Harry Truman's selection as Franklin Roosevelt's running mate in 1944 was a big surprise to everyone, including Truman himself. Roosevelt was in poor health and was not expected to live out his term and the nation was still fighting a two front war. Truman, a former haberdasher and failed businessman from Missouri, did not inspire confidence as a replacement for the iconic FDR at such a precarious time in history. When Roosevelt died in April of 1945, Truman told reporters that it "felt like the moon, the stars, and all the planets had fallen on me."
Longtime Wall Street Journal contributor A. J. Baime tells the story of Harry Truman's remarkable transition from county politician to leader of the free world in
The Accidental President: Harry S. Truman and the Four Months that Changed the World. This is a remarkably well-researched account of the beginning of the Truman Presidency and the end of the Second World War, a war that was ended by the most controversial wartime decision likely made by any president: the decision to use the atomic bomb against Japan in August of 1945.

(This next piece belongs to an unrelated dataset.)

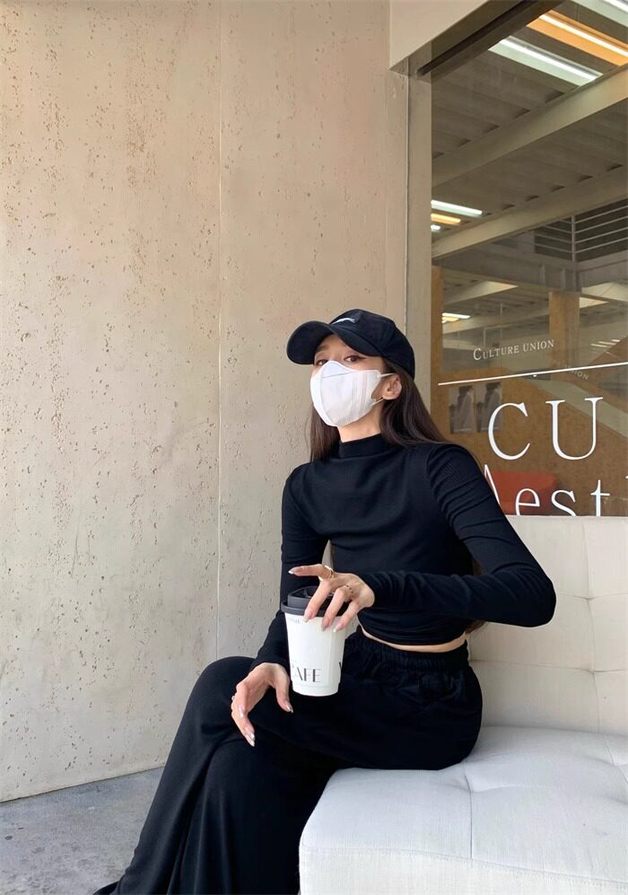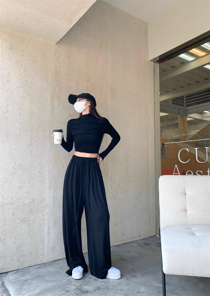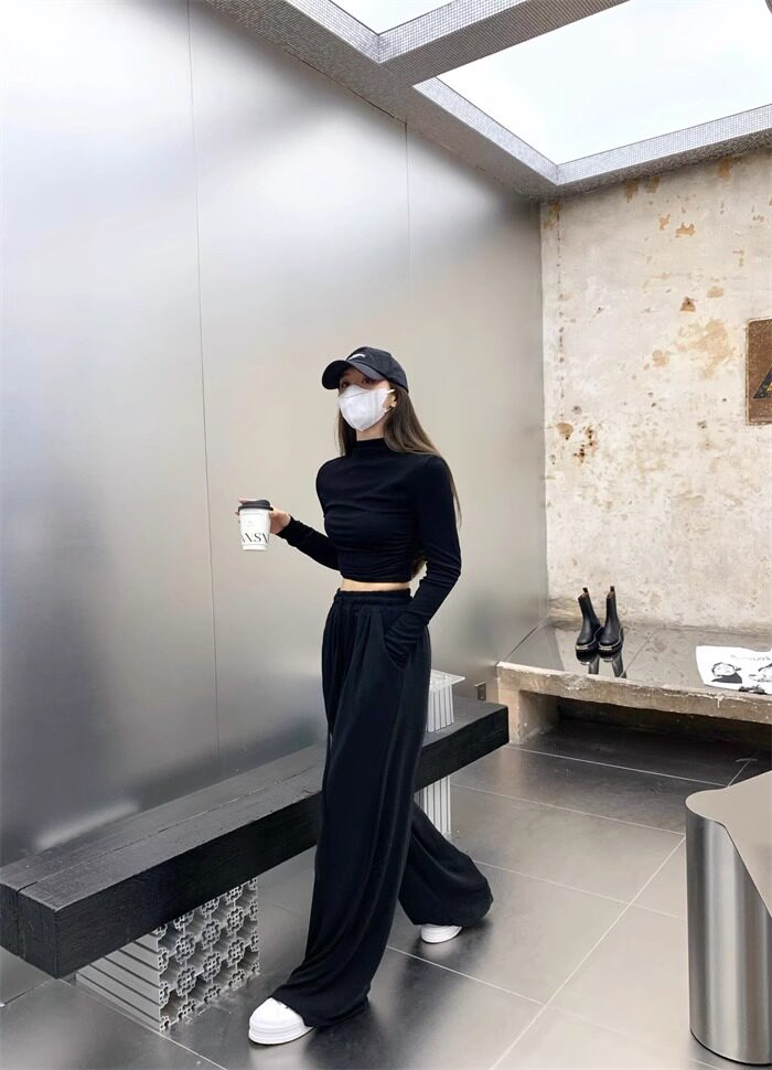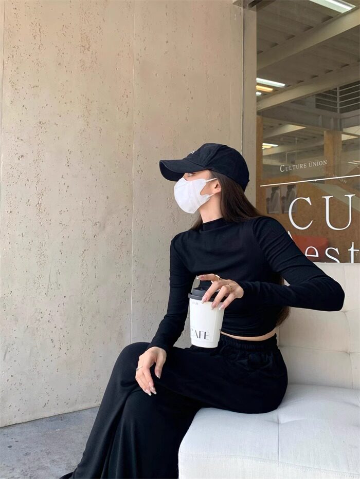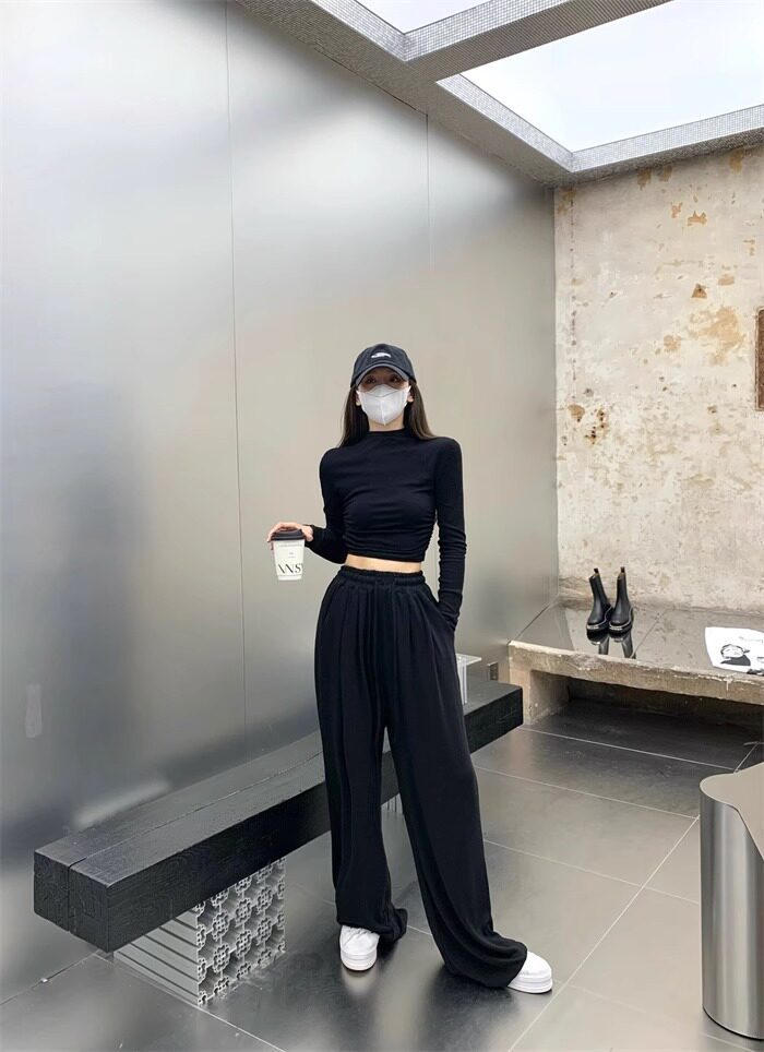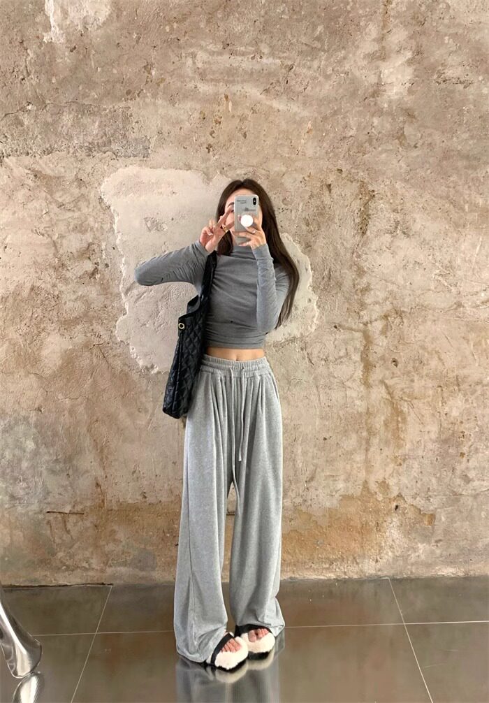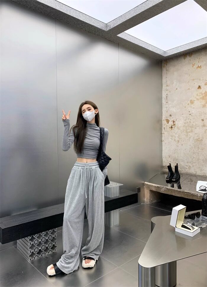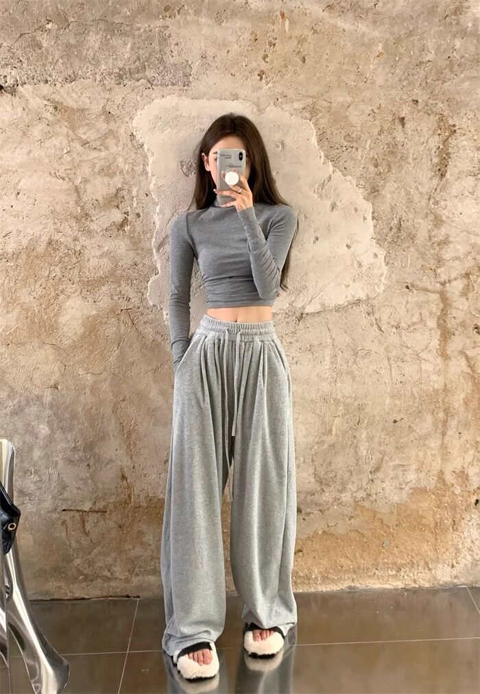 辣妹修身褶皺半高領長袖T恤女秋冬季灰色緊身內搭短款上衣打底衫
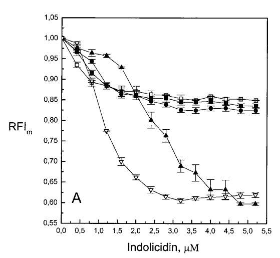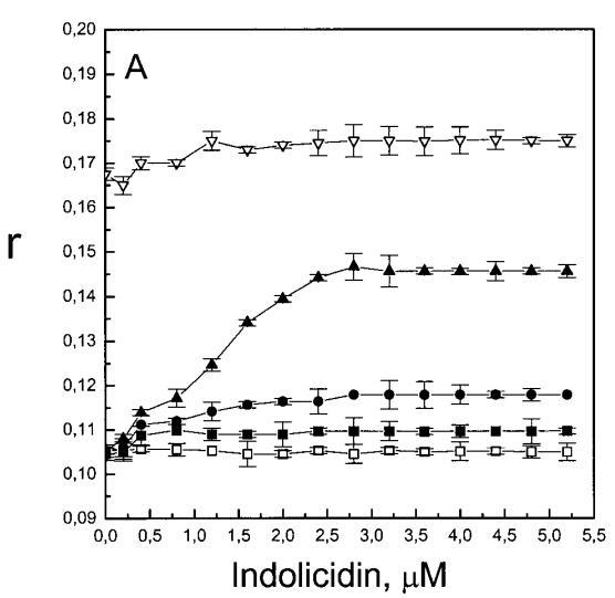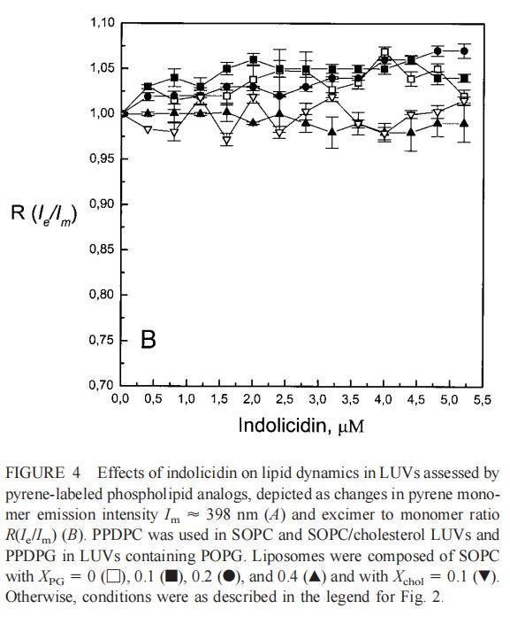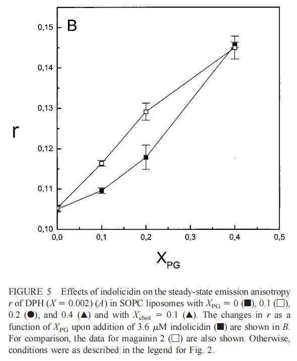 與magainin 2類似,吲哚青霉素與陰離子和兩性離子囊泡的膜結合非常不同(圖1b、4和5),與先前的平衡透析研究一致(Ladokhin et al.,1997)。雖然芘熒光的猝滅顯示吲哚肽被分配到SOPC雙層中,但對膜?;滍樞驇缀鯖]有影響(圖5)。相反,吲哚西啶與陰離子膜的相互作用導致脂酰鏈順序增加,明顯表現為DPH熒光各向異性增加,并對XPG呈S形依賴(圖5)。與magainin 2相反,吲哚西丁導致芘單體和準分子發射強度顯著平行降低,與脂質成分無關,Ie/Im變化較?。▓D4)。相應地,吲哚西丁誘導酸性PG富集到微區。有趣的是,在吲哚西丁/脂質摩爾比為1:20以下,芘Im的減少順序為XPG=0.40.20.10(圖4a),而在吲哚西丁/脂質摩爾比為1:10時,Im的減少對XPG的依賴性相反。這種變化的可能機制如下。在低肽/脂摩爾比時,吲哚西丁似乎被調節到雙層界面(Ladokhin等人,1997),芘標記鏈的鏈反轉(Holopainen等人,1999)使該部分更接近雙層表面,從而允許其與吲哚西丁的基本殘基接觸。后者通過π-陽離子相互作用導致芘部分的碰撞猝滅。然而,隨著XPG的增加,我們可以預期PG頭基與吲哚西丁的堿性殘基發生靜電結合,從而阻止芘與吲哚西丁的陽離子殘基之間的直接接觸。隨著肽濃度的增加,吲哚肽的膜結合以協同方式增強,猝滅效率的逆轉可能涉及雙分子層中脂肽復合物的聚集。因此,在酸性含磷脂的膜中,吲哚對芘的猝滅作用較小。當吲哚肽的濃度增加到肽/脂比1:10以上時,肽將以高度協同的方式并入膜的?;渽^域(Ha等人,2000)(圖9 E),而在中性膜中,肽位于界面(圖9 D)。插入吲哚西丁的量取決于雙層中的XPG,導致吲哚西丁的Trp殘基的猝滅占主導地位,與XPG=0.4時Im的顯著減少一致(圖4a)。

Baime begins with an accounting of the day that Vice-President Truman became President Truman, before embarking on Truman's life story, told in the perfect amount of detail, enough to know how Harry Truman became the man that would come to confront the world's greatest problems. The author introduces the 33rd President to the reader in his many dimensions: Truman the family man, Truman the Jacksonian Democrat, Truman the poker-playing good old boy. Baime's accounting of Truman's first four months as President puts the reader right in the Oval office and paints a picture of a Harry Truman as a man who makes decisions quickly, without wavering. He also provides a fascinating account of the relationship between Truman and Winston Churchill and Joseph Stalin, and has the reader shadow Truman at the historic Potsdam Conference.
This book is not only about Truman. It also ably tells the story of the development and the deployment of the atomic bombs that fell on Hiroshima and Nagasaki. Baime has the wonderful ability to make the reader that he or she is witnessing these events as they occur from close vantage. His accounting of the actions and emotions of the crew of the Enola Gay (the plan from which the first atomic bomb fell) is fascinating. His extensive use of Truman's diaries, as well as the personal first-hand accounts of many of the participants who were present at these events enhances the reader's feeling of watching these events at the time of their occurrence. Baime also has that wonderful author's gift of being able to tell the reader something he or she did not know before. For example, we learn of Joseph Stalin's revelation to Truman of the Russian leader's belief that Adolf Hitler was alive and living in South America, or of how Truman dressed down a sleazy army officer who offered to act as a pimp for the President at Potsdam.
At times, Baime seems too enamored with Truman to consider that his subject may have had faults. Truman was schooled in the bare-knuckled political academy of the corrupt Pendergast machine and while the author acknowledges the shady dealings of this organization, he is convinced of Truman's absolute honesty. Truman made a lot of snap decisions, and while he was decisive, the author never questions whether Truman was too hasty at times in some of these snap judgements. But it is hard to question the author's objectivity, given the depth of his research and the completeness of his description of the circumstances surrounding the challenges Truman faced. The author provides an especially well-considered post mortem of Truman's decision to unleash the first nuclear weapons, providing his own defense of why he believes Truman was correct in doing so.
Baime serves up excellent history in telling a remarkable story of unique circumstances that placed the under-estimated ordinary guy from Independence in the position of having to shape the world that we live in today. He does so in a manner that is thorough and complete, informative and insightful, and which makes the reader feel present and close at some of the most interesting events in recent history.